I think it'd be cute to have dates with a villager, where you meet up at the Museum, or Brewsters, or the beach or any other spot in your town or island. Breaking up or having a villager move away would be awkward, though.


----------



## Fridaynightcatlady (Oct 30, 2021)

Not really. Plus, knowing Japanese companies, they’d stick to straight couples _only_.

I like the idea of villagers _hinting_ that they might have like a crush or whatever. Like, I remember GCN and WW kinda did that.


----------



## Cakecrazy909 (Oct 30, 2021)

i know i would have loved this as a feature when i was younger, but nowadays i just feel like it'd be kinda unnecersary and wouldn't mesh with the games general vibes- especially since the villagers are so flat rn


----------



## theplushfrog (Nov 1, 2021)

In my NL town, Cherry and Mitzi certainly _acted_ like they were dating, with Julien hanging around them like a jealous ex and constantly harassed them both... Would I like it if they were actually dating? Yes. Do I think AC would probably have all the villagers be super cisheteronormative if they had dating in the game? Also yes.

So no, I don't really want dating in AC. I didn't enjoy in the past games when all the guy villagers hit on me or suggested I Liked them for just talking to them around valentines day... I just don't think the game is built to handle the idea very well. It's better left as a vague headcanon thing.


----------



## ~Kilza~ (Nov 1, 2021)

No. I feel like any sort of in-game mechanic of relationships/romance goes against the spirit of Animal Crossing and wouldn't work well within the game and is more likely to hurt the game than actually improve it.


----------



## ahbramey (Nov 2, 2021)

If they did it at all, I wouldn't want the human player to be able to date the animal villagers. It would MAYBE be cute to have the villagers date each other, but again I think it's not really what the game is about and doesn't really add anything meaningful to it.

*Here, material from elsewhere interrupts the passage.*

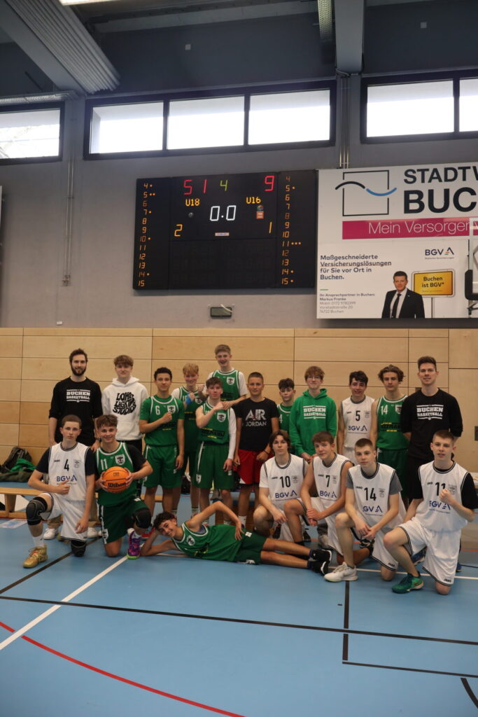 Am vergangenen Heimspieltag wartete für die Nachwuchsbasketballer des TSV Buchen direkt noch eine besondere Überraschung. Markus Franke von der BGV Buchen kam mit einem Satz brandneuer Trikots in der Halle vorbei, die die BGV der Abteilung Basketball sponsort. Für die Jugendmannschaften kommen die neuen weißen Trikots wie gerufen, benötigt man doch immer wieder, wenn etwa der Gegner mit einem gleichfarbigen Trikotsatz aufläuft, passende Trikots in einer anderen Farbe. Die neuen Trikots der BGV sind daher eine gute Ergänzung zu den grünen Trikots, die die jungen Basketballer in allen Mannschaften gut gebrauchen können. Leon Linsler nahm die Trikots gemeinsam mit den beiden männlichen Jugendmannschaften sowie deren Coaches entgegen für die Abteilungsleitung entgegen und dankte Markus im Namen der Abteilung.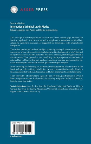 This book puts forward proposals for solutions to the current gaps between the Mexican legal order and the norms and principles of international criminal law. Adequate legislative measures are suggested for compliance with international obligations.

Plus like others have already said, the characters do sometimes flirt or hang out a lot anyways so you could read into it if you wanted.


----------



## LynneFae (Nov 2, 2021)

i just feel like casual dating would be weird cuz... yknow. they're cute lil plushie animals. if they were to add other human villagers maybe it wouldnt be so weird, then again thats not really what the game is about.


----------



## Darkesque_ (Nov 2, 2021)

To be honest, I really wouldn't like it. It would make me feel weird, and it would ruin the innocence of AC.


----------



## Bizhiins (Nov 7, 2021)

I think it would be cute and fantasize about certain villagers dating sometimes, but I don’t think it would bring the game in a good direction at all either. Reminds me more of Harvest Moon when it goes in that direction.


----------



## mitfy (Nov 7, 2021)

it would for sure be a cute idea, lol. i imagine it wouldn't be too overt, but more like the best friend feature. you don't really know your 'status' with each character, per se. i could just see certain objects having like a "flirt" or "romance" value, y'know like if you gift a villager a rose or valentine's object they get the sense that you might like them. more you do it, the more your 'love meter' increases or whatever lol. dating a villager would involve them asking you on dates (go to museum together etc.) and interactions with them being much more frequent than other villagers. though i wouldn't think all villagers would be 'romanceable' because not all people will reciprocate feelings, already like someone else, or aren't interested in dating at all! i agree that it's not what animal crossing is about, so it wouldn't be like a _huge_ part of the game. but i do think it would be a fun little feature for more villager interactions and relationships w villagers!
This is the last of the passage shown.